**Dataset entries:**
============================================================
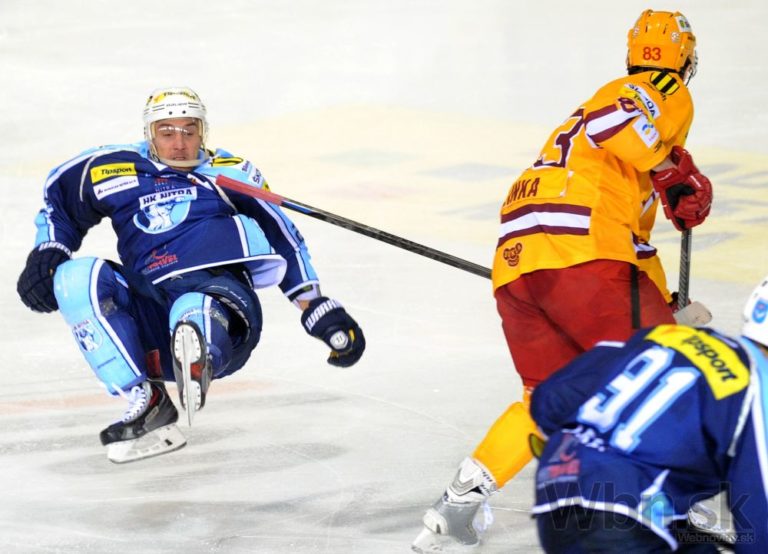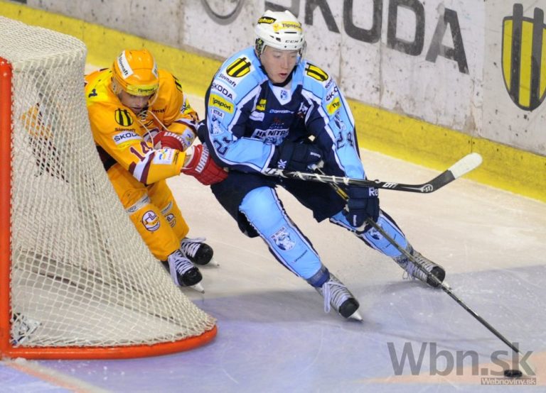 Michal Novák z HK Nitra (vpravo) a Peter Novajovský z Dukly Trenčín (vľavo) počas 16. kola slovenskej hokejovej Tipsport extraligy 2014/2015 medzi HK Nitra - Dukla Trenčín. Nitra, 24. október 2014. Foto: SITA/Martin Havran
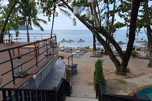 Abgang zum Restaurant und Beach
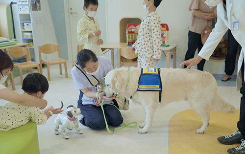 長期入院となる子供たちが多く、スマホで動画を見たり、ゲームをしながら殆どの時間をベッドの上で過ごすことが多かったのですが、aiboがいてくれるとスマホのことを忘れてお世話をしながら楽しく過ごしてくれています。自分が飼っている犬を想い出しながらお世話をしてくれていたり、兄妹がいる子供たちは下の子をお世話するのと同じような感覚で抱っこしたり、撫でてあげたり、ほめてあげたりしながら楽しく笑顔になる時間が増えました。
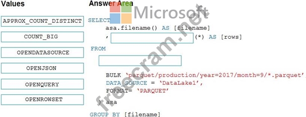 How should you complete the Transact-SQL statement? To answer, drag the appropriate values to the targets. Each value may be used once, more than once, or not at all. You may need to drag the split bar between panes or scroll to view content.
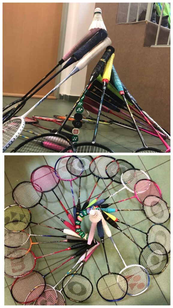 Protože do singlu pak bylo celkem daleko, Týnka si mezitím začala skládat z raket, které si napůjčovala od vedle bivakujících hráčů, stromeček, jehož špičku hodlala ozdobit badmintonovým míčkem. Ale stromeček se jí nakonec moc nelíbil, tak místo něj nakonec udělala kolečko – bylo působivější pravidelností i výškou. A míček se na něj nakonec taky hezky šikoval!
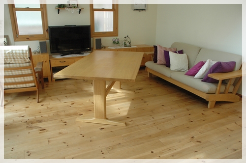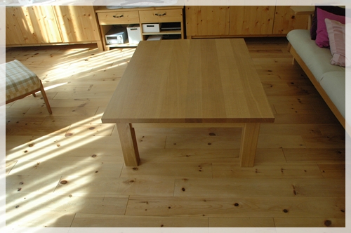 ちなみにこのリビングテーブルはダイニングテーブルと同じ柏木工の、ナラ無垢材のテーブル(90cm×120cm)です。
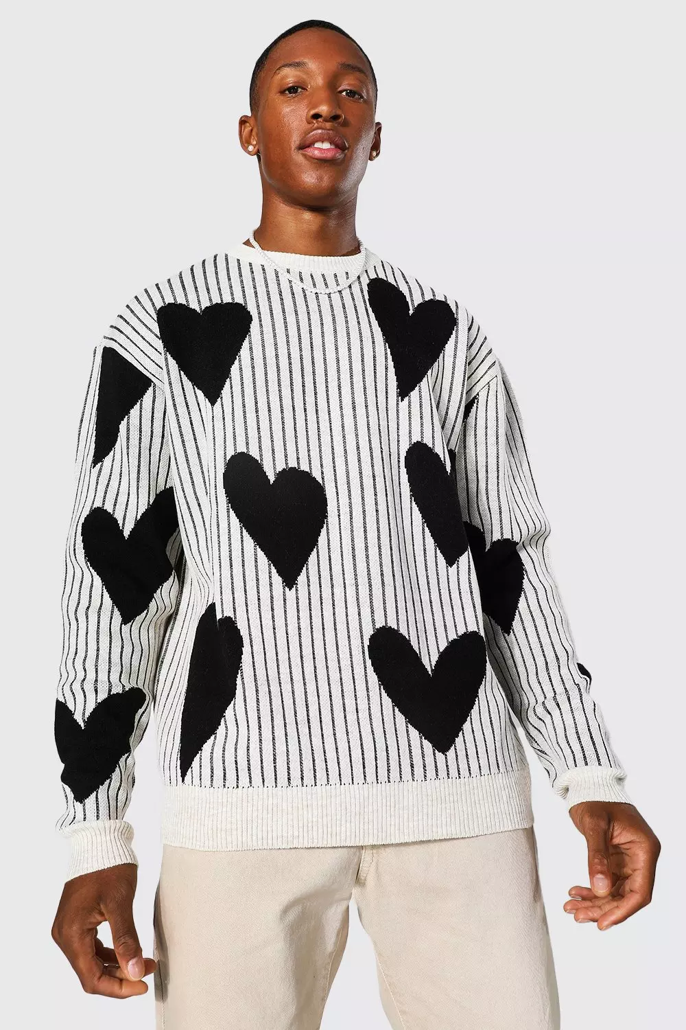 Oversized Ribbed Heart Sweater boohooMAN USA
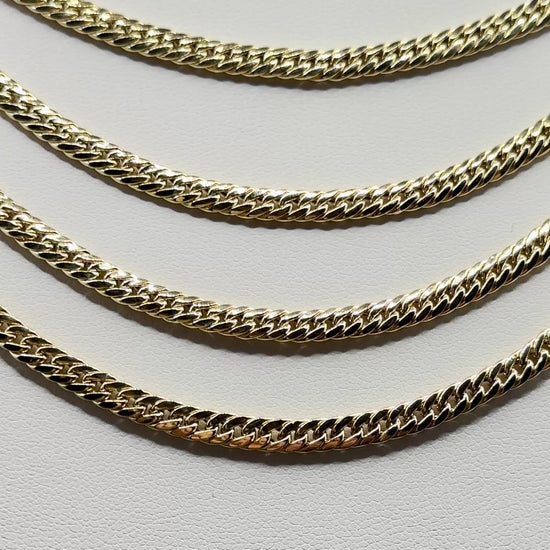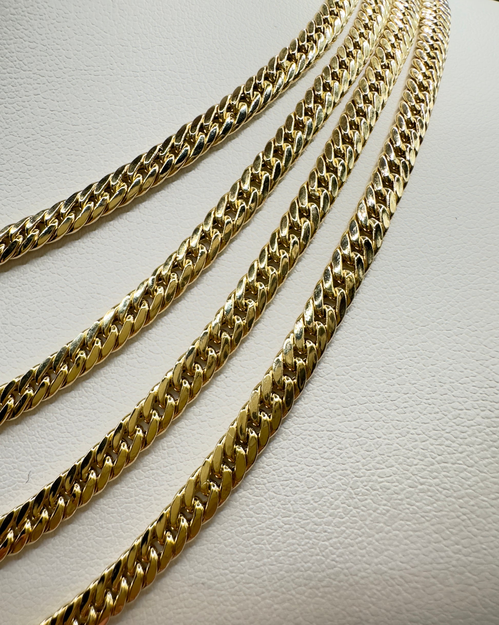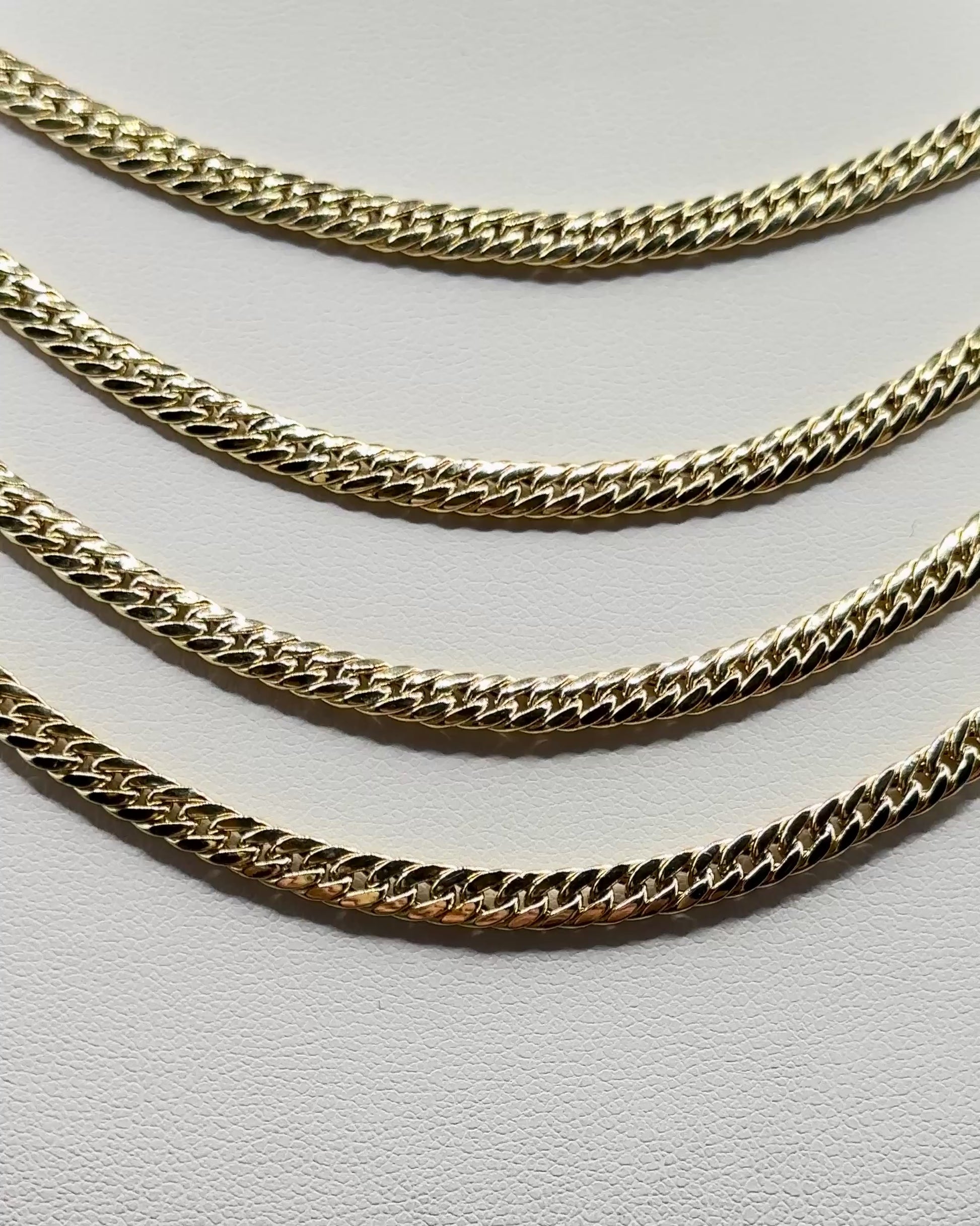 A sleek compact Cuban—also known as a tight Miami—in 14K real gold. 22 inches long with a clean 4 mm profile for bright, close-set shine and a smooth, flat drape.
============================================================
Return exactly the lines from the one with "Abgang zum Restaurant und Beach" through the last line of the entries above, both ends included. No pictures may appear in the copy.

**Expected answer:**
 Abgang zum Restaurant und Beach
 長期入院となる子供たちが多く、スマホで動画を見たり、ゲームをしながら殆どの時間をベッドの上で過ごすことが多かったのですが、aiboがいてくれるとスマホのことを忘れてお世話をしながら楽しく過ごしてくれています。自分が飼っている犬を想い出しながらお世話をしてくれていたり、兄妹がいる子供たちは下の子をお世話するのと同じような感覚で抱っこしたり、撫でてあげたり、ほめてあげたりしながら楽しく笑顔になる時間が増えました。
 How should you complete the Transact-SQL statement? To answer, drag the appropriate values to the targets. Each value may be used once, more than once, or not at all. You may need to drag the split bar between panes or scroll to view content.
 Protože do singlu pak bylo celkem daleko, Týnka si mezitím začala skládat z raket, které si napůjčovala od vedle bivakujících hráčů, stromeček, jehož špičku hodlala ozdobit badmintonovým míčkem. Ale stromeček se jí nakonec moc nelíbil, tak místo něj nakonec udělala kolečko – bylo působivější pravidelností i výškou. A míček se na něj nakonec taky hezky šikoval!
 ちなみにこのリビングテーブルはダイニングテーブルと同じ柏木工の、ナラ無垢材のテーブル(90cm×120cm)です。
 Oversized Ribbed Heart Sweater boohooMAN USA
 A sleek compact Cuban—also known as a tight Miami—in 14K real gold. 22 inches long with a clean 4 mm profile for bright, close-set shine and a smooth, flat drape.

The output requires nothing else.